Probably my biggest takeaway from the film is how director Johnathan Demme and cinematographer Tak Fujimoto used the canvas of the screen. So many of the dialog scenes between Anthony Hopkins as Lector and Jodie Foster as Clarice Starling are dominated by incredibly tight close-up shots on the two actors’ faces, completely filling the screen. When I watched the film for the first time, I saw it on a fairly small TV set (probably about 28″), and when I wasn’t necessarily watching many films in theaters at that time, so the impact of those shots hit, but not as hard.

Extreme close up of Anthony Hopkins as Hannibal Lecter in Silence of the Lambs.

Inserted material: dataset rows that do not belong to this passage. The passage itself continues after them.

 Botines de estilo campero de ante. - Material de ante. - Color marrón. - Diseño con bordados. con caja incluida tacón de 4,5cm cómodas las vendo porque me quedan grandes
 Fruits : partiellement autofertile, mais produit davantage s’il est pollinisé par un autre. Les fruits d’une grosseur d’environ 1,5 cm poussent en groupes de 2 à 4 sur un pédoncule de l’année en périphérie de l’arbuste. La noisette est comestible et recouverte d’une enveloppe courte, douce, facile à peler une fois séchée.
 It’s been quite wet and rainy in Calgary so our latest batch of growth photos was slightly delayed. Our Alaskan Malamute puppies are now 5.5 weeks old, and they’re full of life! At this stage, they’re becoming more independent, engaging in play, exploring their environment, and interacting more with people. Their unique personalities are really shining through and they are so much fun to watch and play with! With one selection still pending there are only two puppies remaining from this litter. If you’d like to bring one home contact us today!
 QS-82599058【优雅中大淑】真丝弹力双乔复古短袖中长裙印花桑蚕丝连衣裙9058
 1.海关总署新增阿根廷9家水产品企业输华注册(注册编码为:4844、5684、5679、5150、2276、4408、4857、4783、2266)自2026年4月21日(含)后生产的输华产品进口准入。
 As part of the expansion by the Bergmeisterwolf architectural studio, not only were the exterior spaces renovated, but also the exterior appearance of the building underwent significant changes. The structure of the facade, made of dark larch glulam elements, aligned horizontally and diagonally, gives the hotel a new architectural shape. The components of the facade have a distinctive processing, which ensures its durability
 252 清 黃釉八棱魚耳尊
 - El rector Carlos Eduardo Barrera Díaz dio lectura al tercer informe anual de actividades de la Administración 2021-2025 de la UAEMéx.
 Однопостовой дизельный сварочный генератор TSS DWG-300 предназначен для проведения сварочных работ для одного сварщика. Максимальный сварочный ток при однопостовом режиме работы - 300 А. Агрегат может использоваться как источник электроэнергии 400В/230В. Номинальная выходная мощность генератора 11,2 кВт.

Over the years since then, in addition to having a larger set, I’ve watched more movies on the big screen since then, so I can extrapolate from there on the emotional impact of seeing these close-ups on a screen that’s almost 1+1/2 – 2 stories tall. It puts you in a position to have this sense of Lecter’s intensity bearing down on you, contrasted with the shots of Starling struggling under that intensity – heightening the sense of an emotional struggle between the two – not necessarily one of hostility (like Lecter and Will Graham), but almost rivalry.

Starling seeks to prove herself worthy in the misogynist, patriarchal environment of the FBI academy, she also seeks to prove herself worthy of Lecter to get the information that’s needed to save Buffalo Bill’s latest victim. Lecter, while he taunts Clarice over the fate of the last person who sought to test him, also tests her, seeking to see if she’s an intellectual equal (or prospective equal), compared to the figures around him that he holds in contempt (like Dr. Chilton). I don’t think that Lecter’s call to Starling’s graduation is necessarily one that implies a romantic relationship between the two – but more that Lector is acknowledging Starling as someone who he views as an equal, but also one who he doesn’t seek to confront directly so long as she doesn’t become a threat to him (similarly being sufficiently satisfied with his revenge against Will Graham through Francis Dolarhyde in the events of Red Dragon).

I bring all this up, because, while I haven’t seen Ridley Scott’s Hannibal (nor the Hannibal TV series), the other takes on Lecter never really got this same intensity. For all the efforts that Brett Ratner took to recreate the sets of Silence of the Lambs and bring back as much of the cast as possible to evoke the legacy of this film, but Ratner is never quite able to use the camera to grab that same level of intensity that Demme did. With Michael Mann and Manhunter, which came first, this level of close-up camera work is generally not in Mann’s palette – it doesn’t fit with his more naturalistic approach to filmmaking.

It makes Silence of the Lambs a film that truly stands on its own in the legacy of adaptations of the Hannibal Lecter stories, and which re-defined horror cinema the same way its source material did for horror novels.